On the other hand, on first and second rereading, the majority again, in what isn’t a necessary part of the ratio, misstated the meaning and requirements for proof of factual causation under the but-for test in a way that is explicitly contrary to what Athey said, and what Clements has to be understood to actually mean, even though the misstatement arguably appears in Clements too. The misstatement is VERY defendant friendly. Of course the SCC can’t have meant what the words literally mean: the plain Canadian English meaning, in the context the words appear. But the words are there.
Benhaim is an appeal from a decision of the Que CA which, although a civil law case, has the potential to (1) be irrelevant to any common law issue in any way relating to proof of factual causation in tort (2) help clarify some issues relating to proof of factual causation in tort and (3) make an even bigger bldy blding (I’m in the UK now, I’m learning) mess of the situation than it is, now. As of writing, however, the reasons haven’t been released to the public. They’re not on the SCC website.

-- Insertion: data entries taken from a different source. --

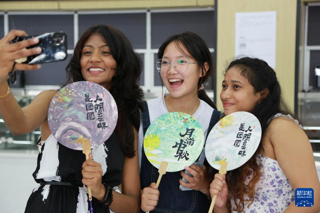 10月6日,在位于云南省蒙自市的红河学院,中外学生参加“千里共婵娟,青年话团圆”中秋节茶话会活动。新华社发(薛莹莹摄)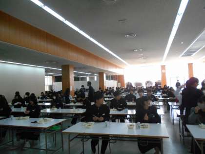(写真は、昼食ホールでの2年生の給食の様子です。)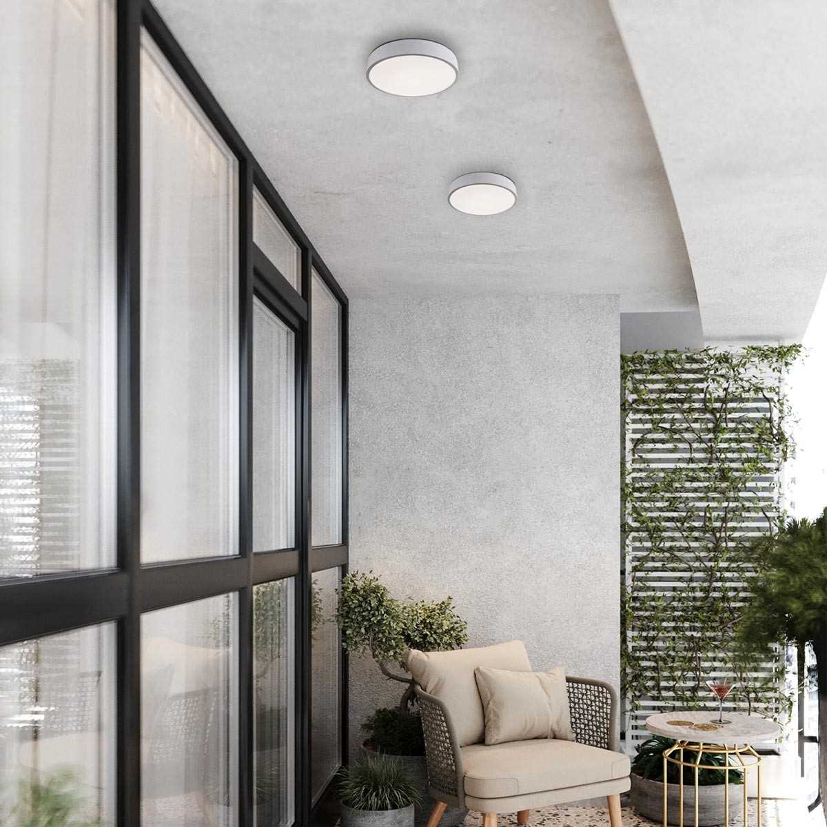 Для светильника необходима 24 W. Габариты изделия: высота – 55 мм, диаметр – 300 мм.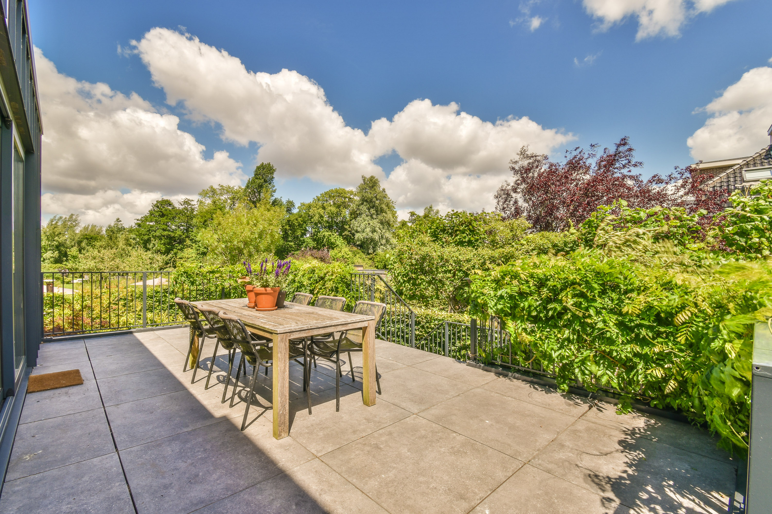 The classic semi-detached 1930s villa enjoys an open view of the Amstel River at the frond and offers a serene escape at the rear, with a sunny garden and terrace overlooking the farmlands. The house is situated on a generous plot of 2,415m². The beautifully landscaped backyard approximately 87 metres deep and about 23 metres wide. It features three terraces and a swimming pool, offering an ideal setting to enjoy the sun from early spring onwards in complete privacy and comfort.

Benhaim is not a common law decision and does not arise in a common law context. However, based on what science tells us about the the laws of reality – the classical physics and quantum mechanics laws which govern the operation of the visible universe (except perhaps in BC and parts of the USA) – these laws are the same in common and civil law jurisdictions. If there’s no one about in the quad, nobody will hear the tree fall whether the quad is in Ottawa or Hull (or Quebec or any other place east of the Alberta – BC border.
In Benhaim, the majority judgment in the Que CA relied on common law principles in holding that factual causation was established.

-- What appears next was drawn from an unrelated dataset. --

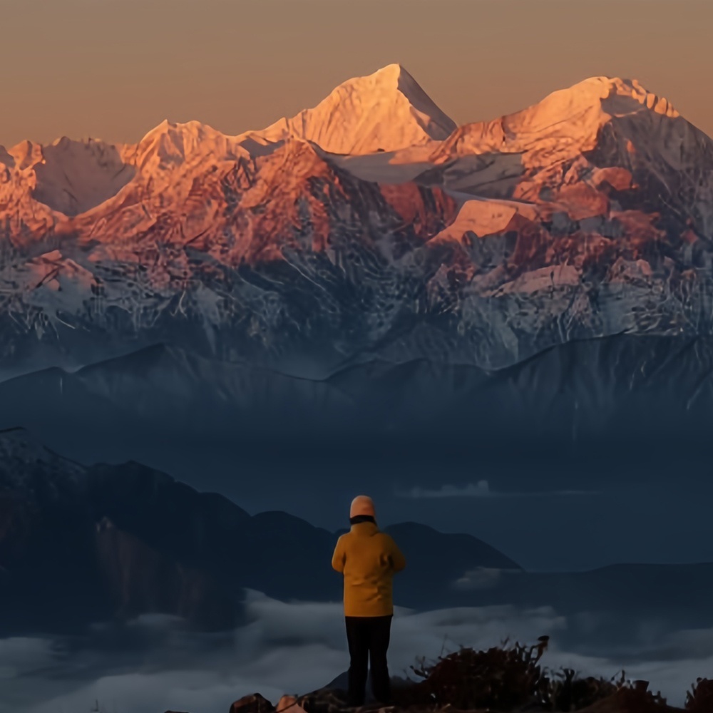 清晨,牛背山就可以观赏拍摄一场贡嘎东坡日照金山,看天空与贡嘎雪山的色彩在短短几分钟内瞬息万变。早上也是山谷间容易形成云海的时间,遇见“海上金山”的奇观。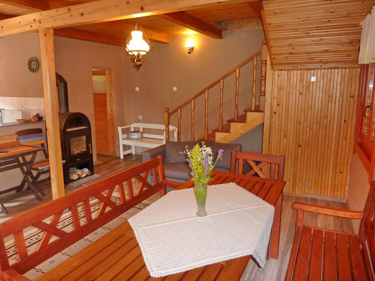 - La etaj sunt trei camere, fiecare cu două paturi single. Încălzirea este asigurată de un șemineu, iar apa caldă de un boiler electric, garantând confort în orice anotimp.

The formal technical niceties (snicker) of proof of factual causation aside, if a trial judge in a common law province or territory of Canada believes that the law governing the issue to be decided isn’t settled, and there is a SCC pronouncement on a similar problem in Quebec law, there’s a good chance that trial judge will decide that pronouncement is persuasive. If the problem exists and counsel don’t know about the SCC judgment, many might say (all should say) that there’s good reason to believe counsel did not know the law adequately.
I put BC aside because, at the moment (see WTF item 1 above and previous WTF and similar posts on this blog) it appears acceptable in the British Columbia Supreme Court for judges and trial counsel to
- Generally ignore what the SCC has said the law is supposed to be at least when it comes to stating what one believes the law to be
- Counsel to misstate current Cdn law – meaning the law established by the Supreme Court of Canada – so long as they quote a BCCA decision (and even if they don’t but merely quote the incorrect statements of other trial judges, or the judge hearing the case) and
- BCSC trial judges to do the same, so long as they refer to other misstatements by other BCSC trial judges, or their own, and
- BCSC trial judges to deliver reasons where, apart from the trial judge’s incorrect statement of the law, it’s clear or at least equally likely as not that one can’t tell accurately, from the reasons what law the trial judge applied to make the decision on factual causation AND on the face of the reasons it can’t be said that the conclusion reached by the trial judge is the result the trial judge ought to have made had the trial judge applied the correct law, and
- without a complete review of the evidence in the record, who knows if the decision is correct and
- what does on do if the case was tried by a jury and
- The Canucks are going to be even worse than the Leafs. The Lions are better than the Argos but, in the level of who cares, that’s barely a 1.